### What the task requires
Taking the data below, please print only the lines from the line holding "This is a stylish" to the line holding "スライサーは、本体の内側と同", inclusive, with pictures omitted.

### Data provided
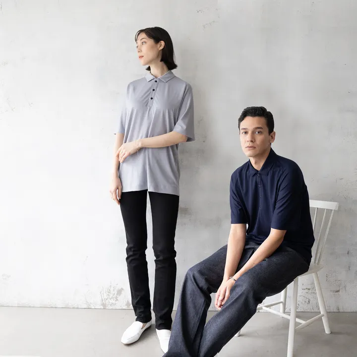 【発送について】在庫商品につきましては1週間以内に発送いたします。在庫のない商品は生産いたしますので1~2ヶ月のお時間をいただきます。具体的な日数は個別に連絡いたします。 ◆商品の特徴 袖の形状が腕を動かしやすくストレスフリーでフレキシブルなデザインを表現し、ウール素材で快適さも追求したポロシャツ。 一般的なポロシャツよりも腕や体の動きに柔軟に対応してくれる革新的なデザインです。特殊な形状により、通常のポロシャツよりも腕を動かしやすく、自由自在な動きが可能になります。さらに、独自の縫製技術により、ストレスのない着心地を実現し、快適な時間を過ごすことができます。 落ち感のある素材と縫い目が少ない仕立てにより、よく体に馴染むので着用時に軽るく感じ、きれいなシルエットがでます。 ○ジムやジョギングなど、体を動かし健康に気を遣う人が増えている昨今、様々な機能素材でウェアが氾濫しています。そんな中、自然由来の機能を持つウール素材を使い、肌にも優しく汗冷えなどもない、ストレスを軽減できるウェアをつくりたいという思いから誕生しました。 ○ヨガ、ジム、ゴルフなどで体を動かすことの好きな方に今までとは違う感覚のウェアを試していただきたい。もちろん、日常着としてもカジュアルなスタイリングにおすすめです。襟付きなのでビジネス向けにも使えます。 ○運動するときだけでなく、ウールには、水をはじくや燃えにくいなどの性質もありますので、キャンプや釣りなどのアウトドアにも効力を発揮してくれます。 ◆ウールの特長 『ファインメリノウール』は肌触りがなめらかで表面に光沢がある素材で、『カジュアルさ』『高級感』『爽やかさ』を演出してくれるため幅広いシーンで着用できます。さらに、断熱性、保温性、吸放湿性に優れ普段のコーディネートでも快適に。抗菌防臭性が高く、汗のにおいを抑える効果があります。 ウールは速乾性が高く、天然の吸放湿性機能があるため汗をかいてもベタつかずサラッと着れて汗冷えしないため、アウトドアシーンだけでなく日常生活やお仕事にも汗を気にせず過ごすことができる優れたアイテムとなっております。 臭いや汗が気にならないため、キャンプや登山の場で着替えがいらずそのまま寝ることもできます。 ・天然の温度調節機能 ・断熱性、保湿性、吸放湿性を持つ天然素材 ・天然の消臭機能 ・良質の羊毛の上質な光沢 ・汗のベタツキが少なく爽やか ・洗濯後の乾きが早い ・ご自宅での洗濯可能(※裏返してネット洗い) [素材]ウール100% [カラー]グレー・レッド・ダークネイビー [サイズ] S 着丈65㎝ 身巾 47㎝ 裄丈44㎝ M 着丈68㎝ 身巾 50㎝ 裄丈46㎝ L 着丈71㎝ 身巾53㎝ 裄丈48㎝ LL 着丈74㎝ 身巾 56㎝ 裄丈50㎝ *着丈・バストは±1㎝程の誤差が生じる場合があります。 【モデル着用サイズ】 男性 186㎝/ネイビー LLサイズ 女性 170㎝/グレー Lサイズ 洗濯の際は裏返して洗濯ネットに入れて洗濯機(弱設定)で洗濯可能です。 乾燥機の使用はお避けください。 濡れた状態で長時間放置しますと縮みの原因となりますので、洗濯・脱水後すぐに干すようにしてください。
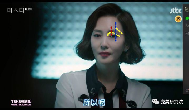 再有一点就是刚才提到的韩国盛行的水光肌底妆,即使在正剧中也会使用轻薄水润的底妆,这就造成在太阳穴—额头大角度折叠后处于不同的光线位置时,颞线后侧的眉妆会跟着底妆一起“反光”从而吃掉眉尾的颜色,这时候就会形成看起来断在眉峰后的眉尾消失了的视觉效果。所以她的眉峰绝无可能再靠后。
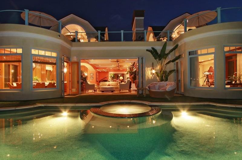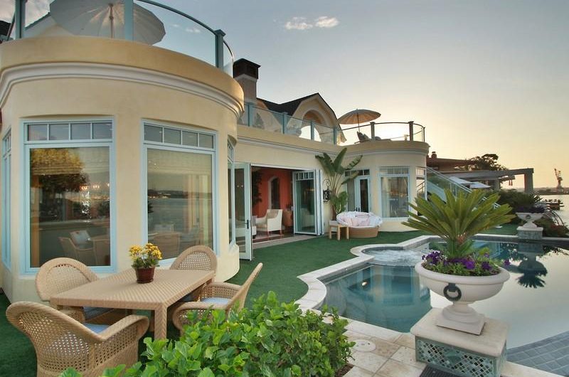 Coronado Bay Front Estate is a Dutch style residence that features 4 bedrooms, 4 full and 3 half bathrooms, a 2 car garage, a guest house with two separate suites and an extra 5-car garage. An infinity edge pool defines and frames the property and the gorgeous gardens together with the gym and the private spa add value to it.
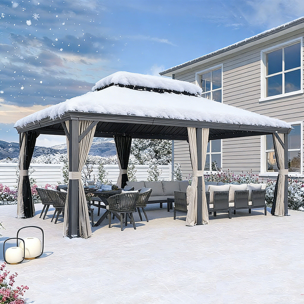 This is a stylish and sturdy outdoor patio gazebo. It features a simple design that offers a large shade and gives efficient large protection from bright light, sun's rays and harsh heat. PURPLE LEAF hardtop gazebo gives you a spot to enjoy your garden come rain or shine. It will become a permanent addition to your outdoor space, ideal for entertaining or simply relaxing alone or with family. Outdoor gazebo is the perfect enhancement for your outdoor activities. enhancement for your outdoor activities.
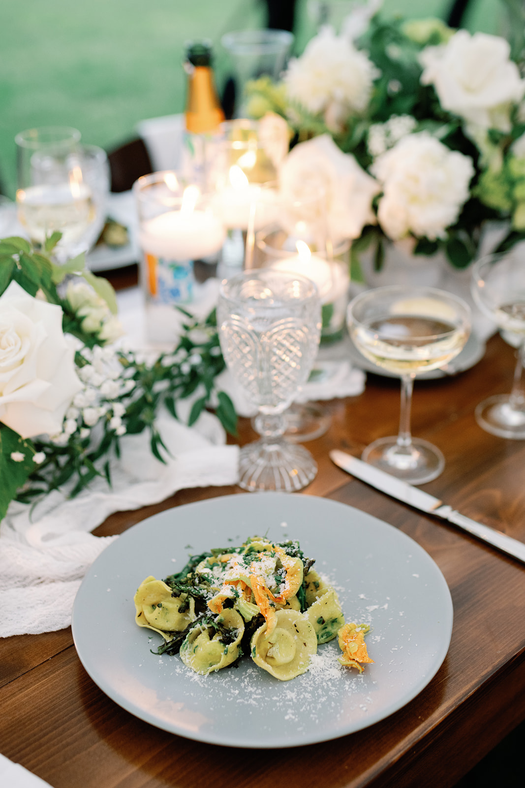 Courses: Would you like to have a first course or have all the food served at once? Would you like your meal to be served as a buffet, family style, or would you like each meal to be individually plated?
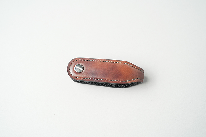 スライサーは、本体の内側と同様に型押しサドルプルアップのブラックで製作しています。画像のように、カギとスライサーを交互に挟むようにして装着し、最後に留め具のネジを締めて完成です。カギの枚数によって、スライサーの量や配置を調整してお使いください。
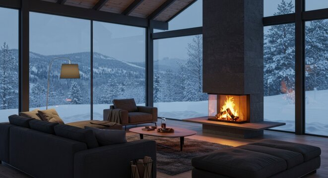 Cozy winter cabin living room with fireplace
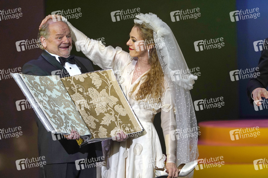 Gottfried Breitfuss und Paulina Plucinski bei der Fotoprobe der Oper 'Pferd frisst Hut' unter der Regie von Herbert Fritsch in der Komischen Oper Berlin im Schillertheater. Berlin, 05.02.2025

* * *

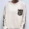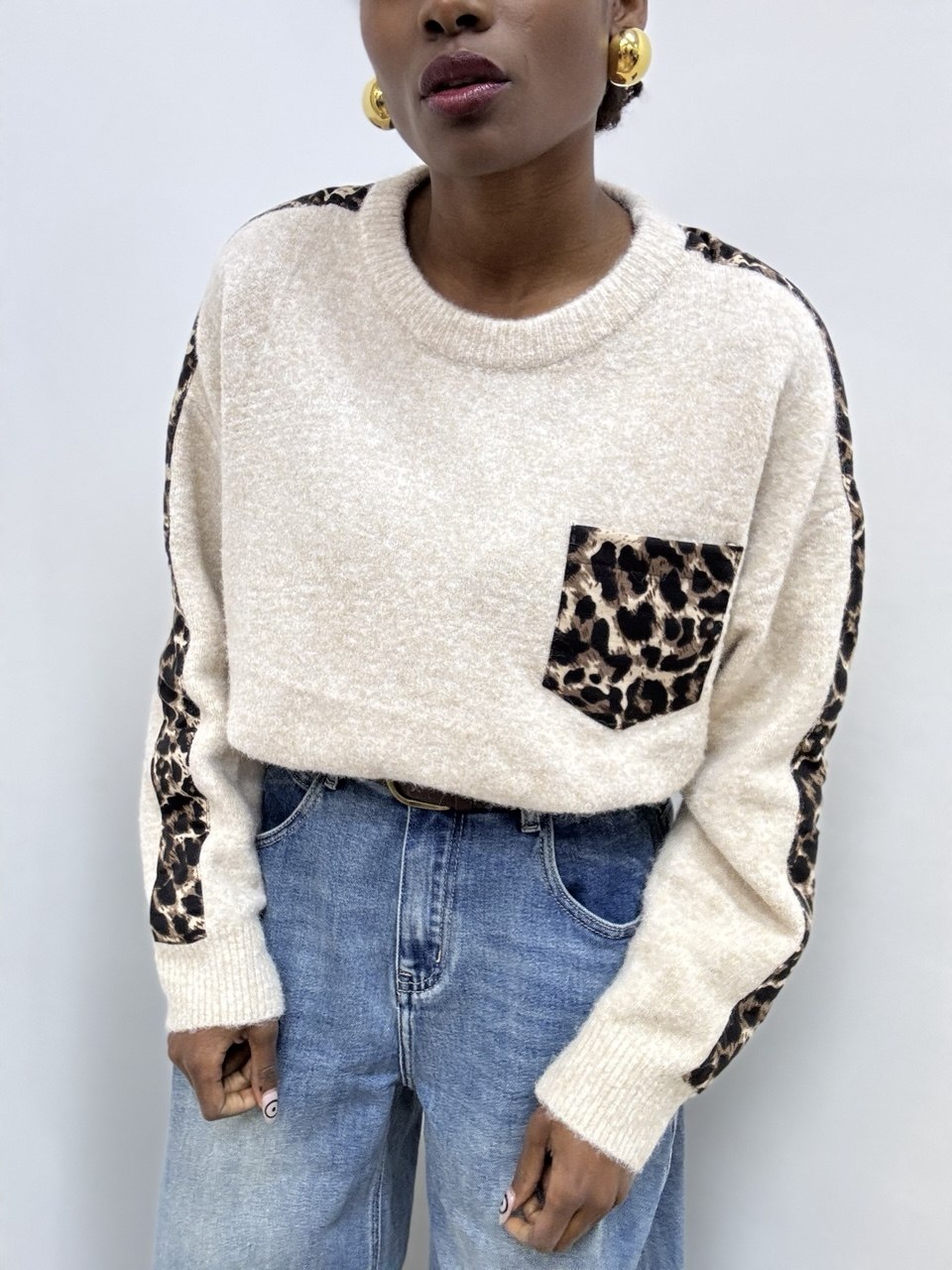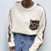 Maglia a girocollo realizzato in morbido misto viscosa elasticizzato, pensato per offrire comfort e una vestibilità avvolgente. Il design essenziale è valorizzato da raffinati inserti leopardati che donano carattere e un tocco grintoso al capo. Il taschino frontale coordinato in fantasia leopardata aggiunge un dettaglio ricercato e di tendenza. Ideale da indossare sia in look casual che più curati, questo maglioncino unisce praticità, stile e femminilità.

### Your response
 This is a stylish and sturdy outdoor patio gazebo. It features a simple design that offers a large shade and gives efficient large protection from bright light, sun's rays and harsh heat. PURPLE LEAF hardtop gazebo gives you a spot to enjoy your garden come rain or shine. It will become a permanent addition to your outdoor space, ideal for entertaining or simply relaxing alone or with family. Outdoor gazebo is the perfect enhancement for your outdoor activities. enhancement for your outdoor activities.
 Courses: Would you like to have a first course or have all the food served at once? Would you like your meal to be served as a buffet, family style, or would you like each meal to be individually plated?
 スライサーは、本体の内側と同様に型押しサドルプルアップのブラックで製作しています。画像のように、カギとスライサーを交互に挟むようにして装着し、最後に留め具のネジを締めて完成です。カギの枚数によって、スライサーの量や配置を調整してお使いください。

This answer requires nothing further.